Con conocimiento, el sexólogo Él sabe escuchar, comprender e instruir, ayudando a entender el sexo como una parte natural de la vida, de lo que deberíamos hablar sin ningún compromiso.

Entre los beneficios que ofrece la terapia sexual, podemos indicar:

  • aumenta la autoconciencia y la intimidad con el propio cuerpo;
  • ayuda a superar los miedos y deshacerse del trauma;
  • mejora la comunicación y la conexión con el compañero;
  • desbloquea inhibiciones;
  • confiere calidad de vida al desmitificar causas y síntomas de insatisfacción sexual;
  • brinda apoyo y asesoramiento efectivos;
  • desarrolla autoestima y confianza en sí mismo, impactando no solo en la vida sexual sino también en el bienestar en general.

Es decir, consulta con el terapeuta sexual. Siempre es bienvenido. Pero en casos de dispareunia, representa un recurso especialmente prometedor y ventajoso.

¿Cómo elegir el sexólogo o terapeuta sexual?

Para que las sesiones alcancen sus objetivos máximos, es interesante buscar un profesional cuyo perfil refleje empatía.. Dado que esta condición es muy particular, corresponde al paciente analizar la compatibilidad entre su forma de ser y el perfil del sexólogo más conveniente para promover conversaciones cómodas.

No hay nada nuevo en esto. Bueno, cuando buscamos un nutricionista, dermatólogo, ginecólogo … cualquier especialidad médica, también buscamos a alguien que pueda hacernos sentir más cómodos.

Además de la elección del profesional, el entorno del tratamiento es igualmente relevante para el progreso y el éxito de la terapia. Las prácticas que transmiten una sensación de calidez, en direcciones oportunas, pueden ser soluciones excelentes. Pero hay una característica aún más facilitadora: la terapia en línea.

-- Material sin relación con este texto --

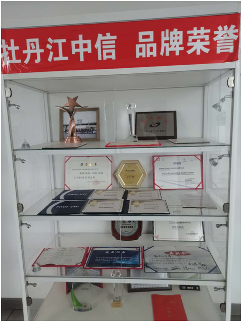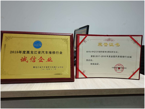 牡丹江中信汽車銷售服務(wù)有限責(zé)任公司是黑龍江省汽車維修與檢測(cè)行業(yè)會(huì)員單位。2009-2010年度、2011-2012年度、2013-2014年度、2015-2016年度、2017-2018年度、2019-2020年度、連續(xù)六屆被評(píng)為“全國(guó)汽車維修誠(chéng)信企業(yè)”、2018年度“黑龍江省汽車維修行業(yè)誠(chéng)信企業(yè)”。

Más privacidad y seguridad.

A través de plataformas como , puede programar y mantener sesiones con el sexóloga en línea de su elección en el momento y lugar más conveniente. La confidencialidad y la seguridad son prioridades en este modelo de consulta. Todo el sistema de plataforma y la dinámica de consulta están diseñados para garantizar la privacidad y confidencialidad del paciente.

Las soluciones, como puede concluir, son variadas y se adaptan a diferentes necesidades de tratamiento. El mayor error en relación con dispareunia está tratando de ignorarlo.

Ninguna mujer debe "acostumbrarse" al dolor o guardarlo para sí misma. Al notar cualquier molestia, exprese a su pareja. La sinceridad también es importante en estos momentos. El diálogo siempre se aproxima y fortalece la relación.

Un dispareunia no se puede resolver por sí solo. Nunca se trata de aprender a soportar el dolor. Es esencial buscar consejo médico y eliminar cualquier posibilidad de enfermedad u otros problemas que las molestias puedan indicar.

Si encuentra que el dolor tiene causas psíquicas, vale la pena la misma recomendación: obtenga ayuda profesional. No hay razón para privarse del placer cuando la terapia sexual es accesible para ofrecer soluciones prácticas y transformadoras.